Letter to the Editor: Polygamy Always Hurts
I am writing this letter in response to two excellent (though opposing) articles on polygamy published in the Sun Advocate on June 6. The fruits of polygamy can best be measured by polygamy's effect on the first Mormon family who practiced it: Joseph and Emma Smith. Plural marriage (as Joseph called it) was devastating to his first wife Emma. Though Joseph in speeches and church publications continually denied the doctrine and practice of plural marriage, Emma strongly suspected her husband of practicing it and she enlisted support from other anti-polygamy women to spy on him.
In February of 1843 Emma became aware that Joseph had taken her best friend, Eliza R. Snow, as a plural wife. Emma became so enraged that she pushed Eliza down the stairs at their home with a broomstick causing Eliza to have a miscarriage. Now the cat was out of the bag and it became Joseph's top priority to convince Emma she should accept polygamy. In official LDS history, on the morning of the July 12, 1843 Hyrum (Joseph's brother) said to Joseph, "If you will write the revelation on celestial marriage, I will take it and read it to Emma, and I believe I can convince her of its truth, and you will hereafter have peace." Joseph smiled and remarked, "You do not know Emma as well as I do.". . . Hyrum then took the revelation to read to Emma. . . . When he came back, Joseph asked how he had succeeded. Hyrum replied that he had never received a more severe talking to in his life. After the revelation was written Emma teased, and urgently entreated Joseph for the privilege of destroying the revelation. Joseph became so weary of her teasing and to get rid of her annoyance, he told her she might destroy it and she did so. Of course Joseph knew he could "re-write it at any time." (History of the Church, introduction to vol. 5).
Later after Joseph promised Emma she would be a queen and a priestess if she accepted plural marriage Emma briefly accepted plural marriage. Temple records, church history and the personal journals of the women involved show that nine of Joseph's first 12 wives were women then currently married to other men and reassigned to Joseph. Emma battled her feelings that plural marriage was an evil practice and even though she consented to Joseph's marriages, Emily Partridge (one of Joseph's wives) wrote in her journal: "from the very hour we were married to Joseph, Emma became our bitter enemy."

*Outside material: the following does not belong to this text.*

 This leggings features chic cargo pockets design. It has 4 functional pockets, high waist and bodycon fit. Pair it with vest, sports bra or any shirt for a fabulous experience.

Official LDS history shows that Joseph Smith as mayor of Nauvoo ordered the destruction of the Nauvoo Expositor (a newspaper that was making public, the secret-sacred plural marriage life of Joseph Smith). Joseph and his brother Hyrum were arrested on charge of treason (of course freedom of the press was/is a Constitutionally protected right) and taken to Carthage jail (History of the Church, vol. 6, p.38). Joseph's plural marriages and what many considered a treasonous act of destroying a free press had so angered the people that a mob formed at the jail and Joseph and Hyrum were killed in what can best be described as a gun fight in which Joseph Smith killed two men. Official LDS history records that when the mob approached the door to the room where Joseph and Hyrum were being held, Joseph; "approached the door, and pulling the six-shooter left by Brother Whellock from his pocket, opened the door slightly, and snapped the pistol six successive times, only three of the barrels, however, were discharged. Two or three (mobsters) were wounded by these discharges, two of whom died." (History of the Church, vol. 7, pp.102-3).

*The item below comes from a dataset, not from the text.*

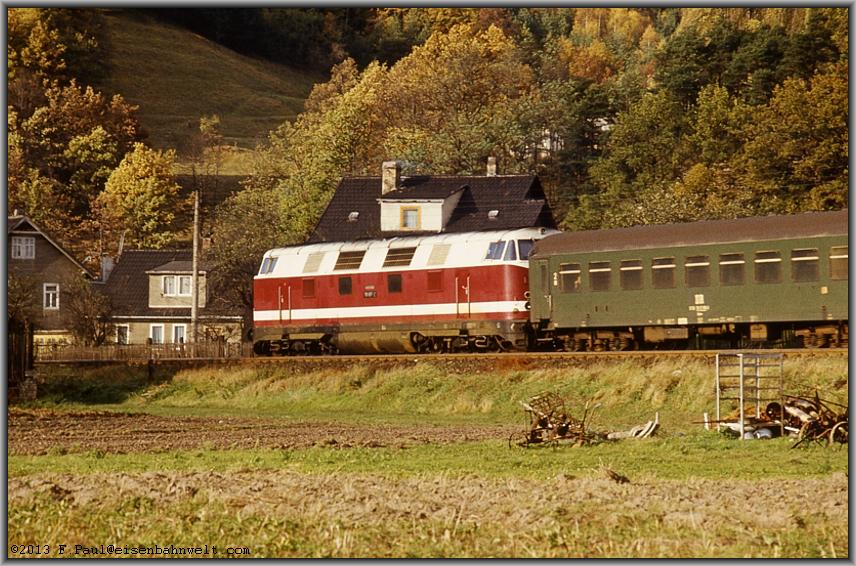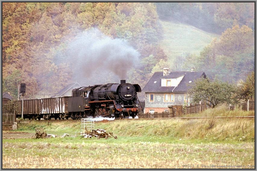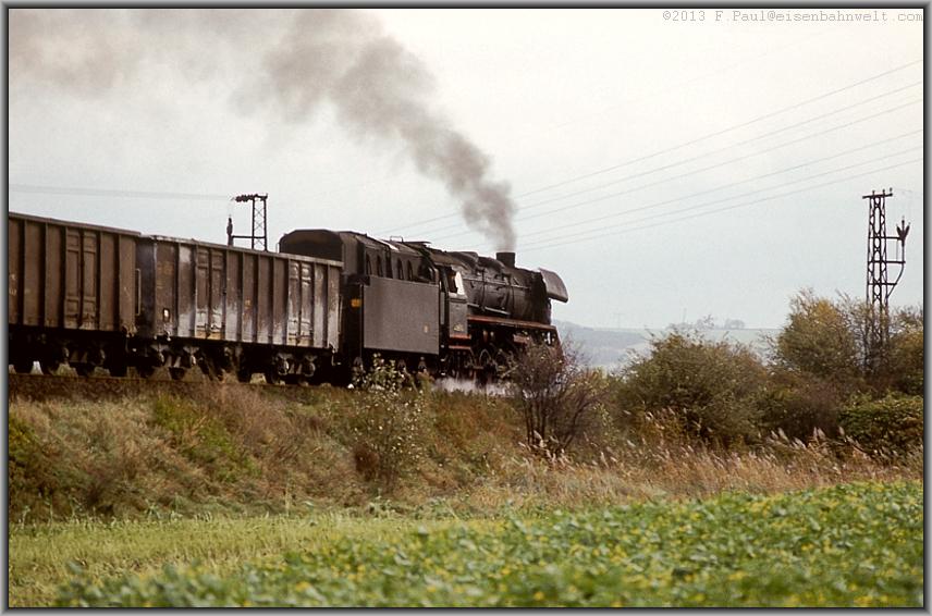 kurz darauf mit einer Übergabe nach Unterwellenborn. Eigentlich für eine schwere Schnellzuglok unter der Würde, so etwas zu befördern. Aber in der Endzeit

Emma later wrote, "it was the secret doctrines that got Joseph and Hyrum killed." Emma left the church after Joseph's death and claimed the authority of the church rested in her son, whom she used to start a new church called "The Reorganized Church of Jesus Christ of Latter-day Saints." Obviously this church left out the practice of plural marriage and most of the other secret/sacred doctrines of Mormonism. I know this doesn't sound much like the romance fiction novels/movies now being published about the Joseph Smith era. But it's time for someone to throw some light on the true origins and nature of polygamy and its disastrous consequences.